Checking In: Data Protection Compliance in CEE
For our Checking In feature, we reach out to partners and heads of practice across CEE to learn how specific practice areas are faring in their jurisdictions. This time around we asked Data Protection experts: Overall, how compliant would you say economic agents are with relevant local regulations on data protection, and what are the main gaps that have yet to be addressed?
Austrian case law is evolving rapidly. Many individuals, consumer protection associations, and other stakeholders are testing what can be challenged under the GDPR. Claims and challenges have been put forth, such as whether the right to data access under Art 15 of the GDPR supports the right to receive documentation containing personal data or whether predictions based on probability calculations will be deemed personal data if they refer to individuals. Sometimes lower courts do not decide these questions homogeneously and the Data Protection regulator and Austrian courts make conflicting decisions. In response, the Austrian Supreme Court has recently shown an increased tendency to refer GDPR-related questions to the ECJ.

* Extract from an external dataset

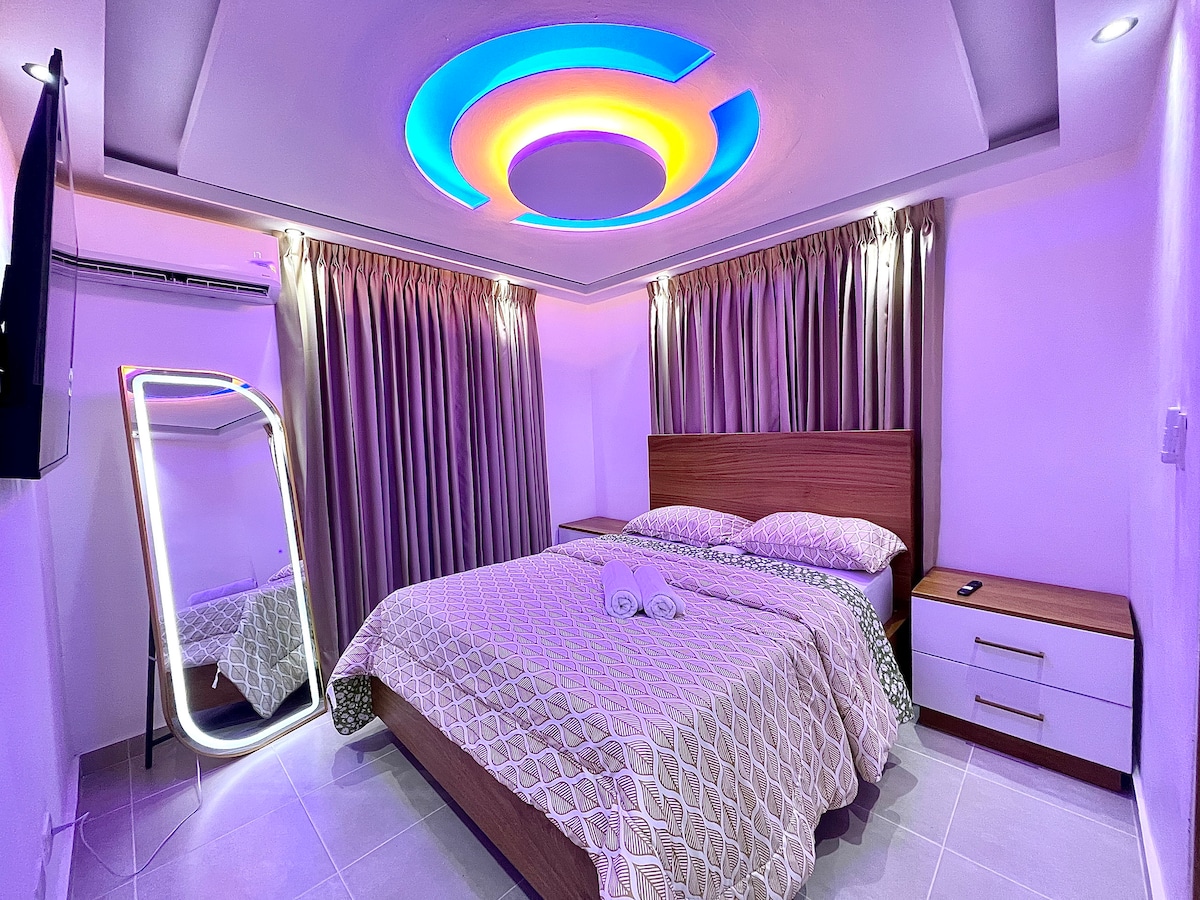 Modern one-bedroom Airbnb apartment thoughtfully curated & beautifully decorated with a minimalist design approach. Perfect for a couple or single travelers! Located in the heart of the city of Santiago De Los Caballeros, Dominican Republic. Near to the center of the city: Monument, malls (Agora Mall), restaurants, bars, hospitals and shopping. Everything you need will be less than 5 minutes away. 15 min drive from the STI Airport.

As to whether economic agents comply with local data protection regulations, it can be said that they are struggling to keep pace with these developments, no matter which industry they belong to. For instance, the question of whether Art 15 of the GDPR requires a controller to demonstrate the recipients or only the categories of recipients of its data (as this question has most recently been referred by the Austrian Supreme Court to the ECJ) impacts nearly every economic agent. So, while most agents have completed their GDPR entry lessons, such as establishing processing registers or data processing agreements, they must now comply with dynamic case law. Last year, the Austrian Data Protection regulator confirmed the protection of personal data of legal entities essentially by referring to Austrian constitutional law and to the GDPR by analogy. While this decision has not been supported by higher instance courts so far, it might advance the lingering discussion about whether Austria's constitution supports the protection of personal data of legal entities. If in similar cases the regulator's decision (which is currently final) leads to upper courts, they might -- and quite likely -- will take a different view. Economic agents who have so far focused their data protection ambitions on the data of individuals might have to broaden their mindset by considering the data of legal entities as well.